Radiopharmaceuticals

Radiolabeling of [⁶⁸Ga]Ga-DOTA-FAPI-04 was performed according to the published method [12]. In brief, FAPI-04 was dissolved in NaAc solution, to which ⁶⁸GaCl₃ was added. After pH adjustment with sodium acetate, the reaction mixture was heated to 100 °C for 10 min. [⁶⁸Ga]Ga-DOTA-FAPI-04 was processed by solid-phase extraction. The radiochemical purity was assessed by thin-layer chromatography (TLC). [¹⁸F]FDG was manufactured by cyclotron (Siemens CTI, RDS Eclips ST, Knoxville, Tennessee, UA) at our department. The radiochemical purity of [⁶⁸Ga]Ga-DOTA-FAPI-04 and [¹⁸F]FDG was both above 95%.

PET/CT scanning and image analysis

[⁶⁸Ga]Ga-DOTA-FAPI-04 and [¹⁸F]FDG PET/CT scans were conducted within 5 days. For [¹⁸F]FDG PET/CT imaging, patients should fast for at least 6 h before the injection of [¹⁸F]FDG (3.7 MBq/Kg) and the blood glucose levels should be less than 10 mmol/L. For [⁶⁸Ga]Ga-DOTA-FAPI-04 PET/CT imaging, the injected activity was 132–187 MBq. The image acquisition was performed 60 min post-injection with the PET/CT scanner (Biogragh 16 HR, Siemens Medical Systems, Erlangen, Germany). The spiral CT scan was conducted using a standardized protocol (120 kV, 140 mA, 3 mm slice thickness). Then PET scan was conducted with FlowMotion. PET data were reconstructed iteratively using an ordered-subset expectation maximization iterative reconstruction (OSEM) with CT data for attenuation correction.

[⁶⁸Ga]Ga-DOTA-FAPI-04 and [¹⁸F]FDG PET/CT images were analyzed independently by two experienced nuclear medicine physicians by using the software (Taxus, Medivoly technology). Regions of interest (ROIs) were drawn and maximum standard uptake value (SUV_max) were automatically calculated in the ROI of the primary tumors, lymph nodes, and metastatic lesions.

Statistical analysis

All the statistical analyses were conducted using the Graphpad Prism7 software. [¹⁸F]FDG and [⁶⁸Ga]Ga-DOTA-FAPI-04 uptake in the tumors, metastatic LNs, and distant metastases were compared using matched-pairs signed-rank test, respectively. Two-tailed P values < 0.05 was considered statistically significant.

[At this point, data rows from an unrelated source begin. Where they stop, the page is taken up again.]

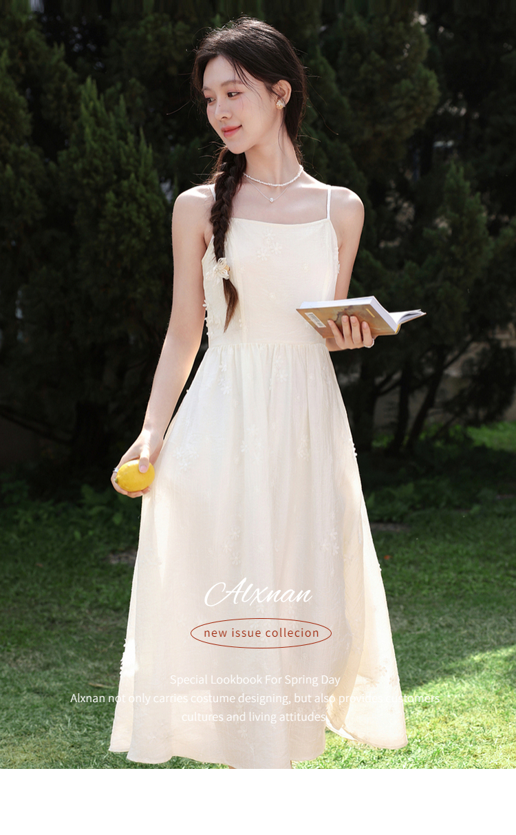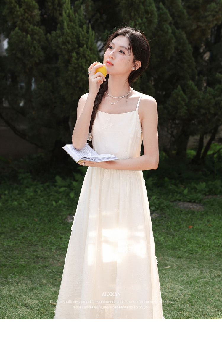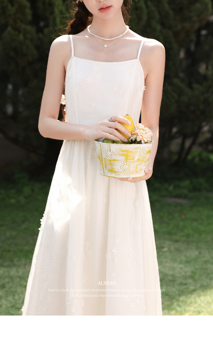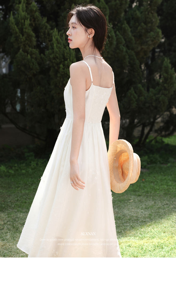鹿向南「云深茶白」米白色法式吊带连衣裙女春季海边度假收腰长裙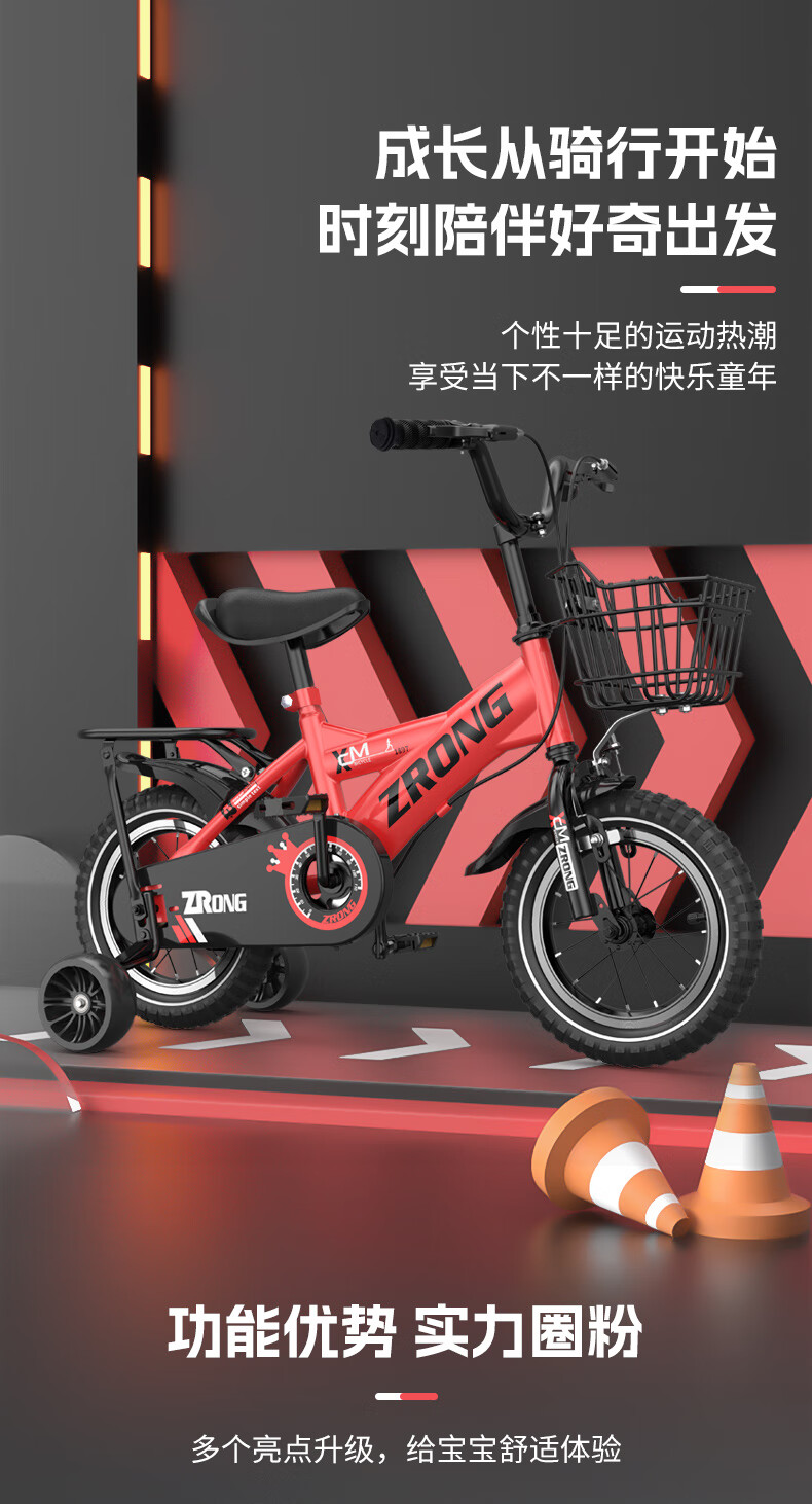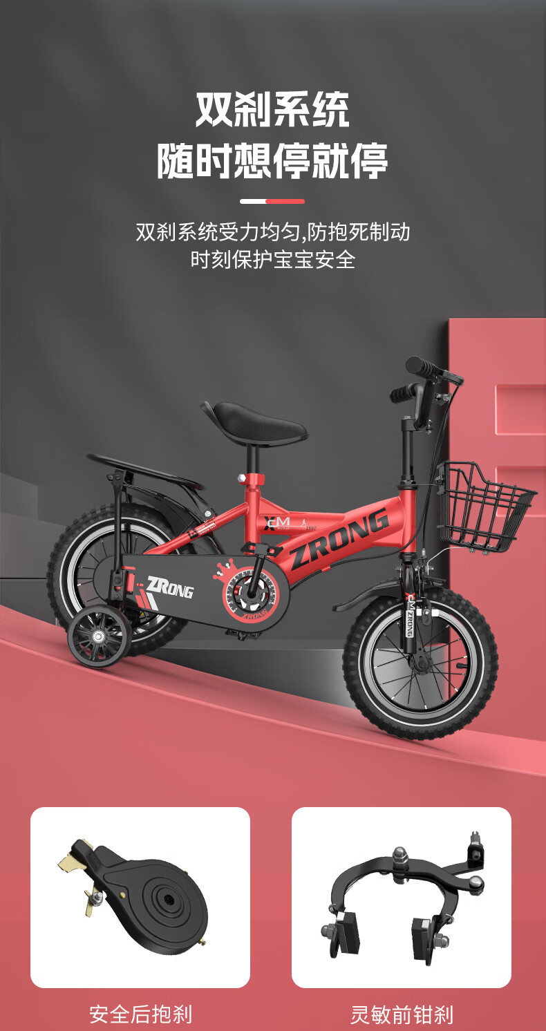 Oxlon children's bicycle 3-4-5-6-7-8 years old children's bicycle baby bicycle for boys and girls primary school children's bicycle upgraded red flagship version + widened flash wheel 14 inches suitable for 90-110cm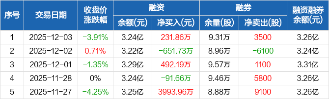 特力A:融资净买入231.86万元,融资余额3.24亿元(12-03)

Clinical characteristics of the patients

Fifty-three patients were enrolled in the current prospective study. Eight patients were excluded for the analysis, five of which were with metastatic pancreatic tumors and three patients with no abnormal uptake. Finally, forty-five patients including 18 females and 27 males (median age of 62.4 years; range: 42–84 years) were included. Of the 45 patients, thirty-two patients received PET/CT scans for initial tumor diagnosis and staging, eight patients previously diagnosed with pancreatic cancer for therapy evaluation, and five patients for detecting the recurrence because of abnormally increased tumor markers. The scheme of the study was shown in Figure 1. Of the 45 patients, thirty-two were PDACs, three were intraductal papillary mucinous neoplasm (IPMN), two were benign lesions, two were NENs (one NET G2 and one NEC), one was autoimmune pancreatitis, and five patients were clinically diagnosed with pancreatic cancer after 6-month follow-up. Notably, one patient has two primary tumors (PDAC and lymphoma) simultaneously. The characteristics of the patients were shown in Table 1.

Table 1

The clinical characteristics of the enrolled patients
No. of patients		45
Age	Median (range)	62.4(42-84)
Sex	Men	27
	Female	18
Elevated tumor markers
	CA199	30
	CA50	26
	CA242	20
	CA724	12
	CA125	16
	CEA	19
	NSE	2
Surgery	Post-surgery	7
	Pre-surgery	38
Disease type
	Pancreatic cancer	37
	Benign lesions	2
	Autoimmune pancreatitis	1
	Neuroendocrine tumor	1
	Neuroendocrine carcinoma	1
	IPMN	3
Lesion location
	Head	14
	Body	11
	Tail	13
Ways of diagnosis
	Biopsy	22
	Surgery	13
	Clinical diagnosis	10

Adverse event during the imaging studies

All the 45 patients tolerated well the [⁶⁸Ga]Ga-DOTA-FAPI-04 PET/CT scanning. There were no drug-related pharmacologic effects or physiological responses. No abnormal symptoms were observed during and after the scanning.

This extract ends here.